Methods: This multicenter randomized trial compared pharmacy student responses to drug information questions using Micromedex with Watson, Micromedex without Watson, or Google from January to March of 2020. First- to fourth-year pharmacy students at two institutions were included. The primary outcome was the number of correct answers. Secondary outcomes were the time taken to answer the questions and differences in number of correct answers by pharmacy student year and institution.

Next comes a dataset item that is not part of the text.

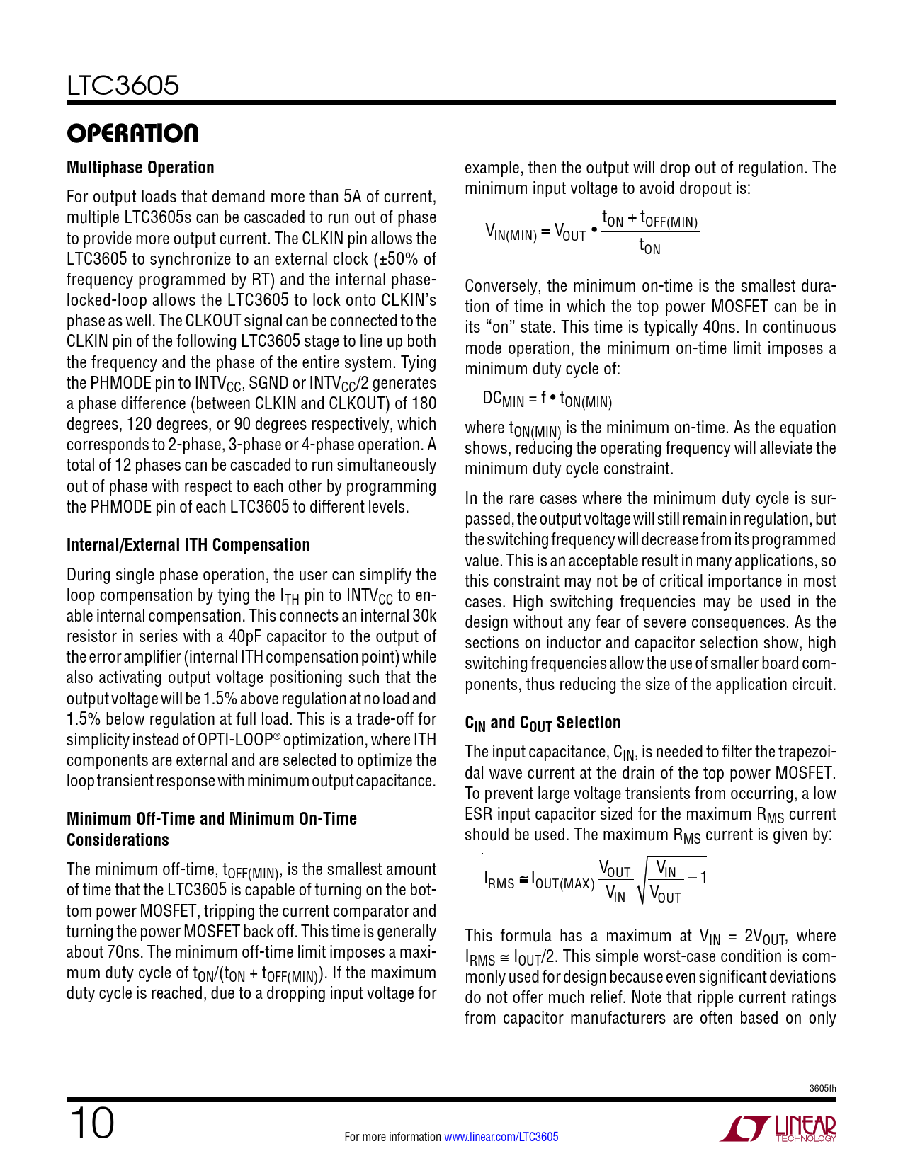 LTC3605 operaTion Multiphase Operation example, then the output will drop out of regulation. The For output loads that demand more than 5A of current, minimum input voltage to avoid dropout is: multiple LTC3605s can be cascaded to run out of phase tON + tOFF(MIN) to provide more output current. The CLKIN pin allows the VIN(MIN) = VOUT • t LTC3605 to synchronize to an external clock (±50% of ON frequency programmed by RT) and the internal phase- Conversely, the minimum on-time is the smallest dura- locked-loop allows the LTC3605 to lock onto CLKIN’s tion of time in which the top power MOSFET can be in phase as well. The CLKOUT signal can be connected to the its “on” state. This time is typically 40ns. In continuous CLKIN pin of the following LTC3605 stage to line up both mode operation, the minimum on-time limit imposes a the frequency and the phase of the entire system. Tying minimum duty cycle of: the PHMODE pin to INTVCC, SGND or INTVCC/2 generates a phase difference (between CLKIN and CLKOUT) of 180 DCMIN = f • tON(MIN) degrees, 120 degrees, or 90 degrees respectively, which where tON(MIN) is the minimum on-time. As the equation corresponds to 2-phase, 3-phase or 4-phase operation. A shows, reducing the operating frequency will alleviate the total of 12 phases can be cascaded to run simultaneously minimum duty cycle constraint. out of phase with respect to each other by programming the PHMODE pin of each LTC3605 to different levels. In the rare cases where the minimum duty cycle is sur- passed, the output voltage will still remain in regulation, but Internal/External ITH Compensation the switching frequency will decrease from its programmed value. This is an acceptable result in many applications, so During single phase operation, the user can simplify the this constraint may not be of critical importance in most loop compensation by tying the ITH pin to INTVCC to en- cases. High switching frequencies may be used in the able internal compensation. This connects an internal 30k design without any fear of severe consequences. As the resistor in series with a 40pF capacitor to the output of sections on inductor and capacitor selection show, high the error amplifier (internal ITH compensation point) while switching frequencies allow the use of smaller board com- also activating output voltage positioning such that the ponents, thus reducing the size of the application circuit. output voltage wil be 1.5% above regulation at no load and 1.5% below regulation at full load. This is a trade-off for CIN and COUT Selection simplicity instead of OPTI-LOOP® optimization, where ITH components are external and are selected to optimize the The input capacitance, CIN, is needed to filter the trapezoi- loop transient response with minimum output capacitance. dal wave current at the drain of the top power MOSFET. To prevent large voltage transients from occurring, a low Minimum Off-Time and Minimum On-Time ESR input capacitor sized for the maximum RMS current Considerations should be used. The maximum RMS current is given by: The minimum off-time, tOFF(MIN), is the smallest amount V I OUT VIN –1 of time that the LTC3605 is capable of turning on the bot- RMS ≅ IOUT(MAX) VIN VOUT tom power MOSFET, tripping the current comparator and turning the power MOSFET back off. This time is generally This formula has a maximum at VIN = 2VOUT, where about 70ns. The minimum off-time limit imposes a maxi- IRMS ≅ IOUT/2. This simple worst-case condition is com- mum duty cycle of tON/(tON + tOFF(MIN)). If the maximum monly used for design because even significant deviations duty cycle is reached, due to a dropping input voltage for do not offer much relief. Note that ripple current ratings from capacitor manufacturers are often based on only 3605fh 10 For more information www.linear.com/LTC3605 Document Outline Features Applications Typical Application Description Absolute Maximum Ratings Order Information Pin Configuration Electrical Characteristics Typical Performance Characteristics Pin Functions Block Diagram Operation Typical Applications Package Description Revision History Typical Application Related Parts

Results: The analysis included 162 participants: 52 students in the Micromedex group, 51 students in the Watson group, and 59 students in the Google group. There was a significant difference among groups in the total number of questions answered correctly (p=0.02). Post-hoc analysis revealed that participants in the Micromedex group answered more questions correctly than those in the Google group (p=0.015). There were no significant differences between Micromedex and Watson groups (p=0.52) or between Watson and Google groups (p=0.22). There was also no difference in time to complete the questions among groups (p=0.72).

Conclusion: Utilizing Google did not save students time and led to more incorrect answers. These findings suggest that health care educators and health sciences librarians should further reinforce training on the appropriate use of drug information resources.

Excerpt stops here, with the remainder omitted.